The following subsystems share the resolver's contract but their materializers aren't implemented. Each lands as a new GovernanceArtifact variant + per-subsystem materializer:

  • Transitive owl:imports recursion across multiple model ledgers (Phase 1b's full scope). The single-graph schema materialization above already projects M's owl:imports triples into the wire so a future reader can see what M declared — the recursion through resolve_graph_ref (which would exercise ResolveCtx.active for cycle detection across ledgers) lands separately.
  • f:ontologyImportMap cross-ledger (mapping table entries whose f:graphRef targets another model ledger).
  • f:shapesSource cross-ledger (SHACL shapes).
  • f:rulesSource cross-ledger (datalog rules). The same-ledger routing for f:rulesSource is also still pending; the cross-ledger path will route through the shared resolver once same-ledger lands.
  • f:atT temporal pinning (currently rejected as UnsupportedFeature).
  • f:trustPolicy and f:rollbackGuard (rejected as UnsupportedFeature for the same reason).

Out of scope

  • Cross-instance federation. Different nameservices, transport, cross-org auth/signing.
  • Auto-resolution by IRI namespace. "Which model governs schema:*?" — application-layer concern.
  • Writing back to a model ledger from a governed ledger's request. Cross-ledger references are read-only.
  • Reverse-reference indexes for safe drop.
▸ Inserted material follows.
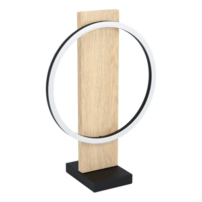 The LED table lamp made of an FSC-certified oak veneer wood beam in natural colours, a black metal base and a circular light element made of black steel with an LED cover made of high-quality plastic in white fits seamlessly into the modern trend With its special design, the LED table lamp is a highlight in any room - whether in the living room, bedroom or hallway Dimensions: Height: 42.5 cm, Length: 30 cm, Width: 15 cm; This product is a containing product with a light source of energy efficiency class E; containing products are luminaires that can be disassembled for separate inspection of the light source(s) they contain
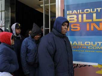 В центре Нью-Йорка жертвам финансового кризиса раздали деньгиНа Таймс-сквер в центре Нью-Йорка организовали раздачу наличных американцам, пострадавшим от финансового кризиса, сообщает France Presse 4 февраля. Человек, пожелавший скрыть свое настоящее имя, представлялся как Билл-спасение (Bailout Bill) и раздавал всем желающим финансовую помощь в размере от 50 долларов. Для этого обратившиеся должны были только рассказать о своих материальных трудностях на видеокамеру. По словам организаторов акции, они хотели сделать для рядовых американцев то же самое, что правительство делает для корпораций и банков. После Нью-Йорка Билл-спасение с помощниками собирается провести аналогичные акции в Вашингтоне, Бостоне и Филадельфии. В общей сложности планируется потратить 500 тысяч долларов. Акция по раздаче денег является частью пиар-кампании сайта объявлений Bailout Booth.![]() LENTA.RU |

A drop on M surfaces on the next governed request against D, not at drop time.
  • Subclass entailment in policy_class filtering. The filter is exact-IRI; D must name the same class IRI M declared. Mirrors same-ledger load_policies_by_class semantics.

Error type and HTTP mapping

CrossLedgerError surfaces through the API crate as a dedicated variant:

pub enum ApiError {
    // ...
    /// Cross-ledger governance resolution failed. The wrapped
    /// variant carries the specific failure (missing ledger, graph
    /// missing at t, retention pruned, etc.) for audit and
    /// operator diagnostics.
    #[error("Cross-ledger error: {0}")]
    CrossLedger(#[from] CrossLedgerError),
}

It is not collapsed into ApiError::Http { status: 502, .. } — preserving the structured variant is what makes "the model ledger this data ledger depends on is broken" distinguishable from "your data ledger is broken" in logs and audit trails.

HTTP status mapping: 502 Bad Gateway is the default. A model ledger dependency that cannot be resolved or used is conceptually an upstream-dependency failure, not an internal panic. 424 Failed Dependency is semantically closer but less commonly handled by client tooling; 502 is the pragmatic choice. The server layer reads the variant for the response body so callers can branch on the specific failure even when the status is generic.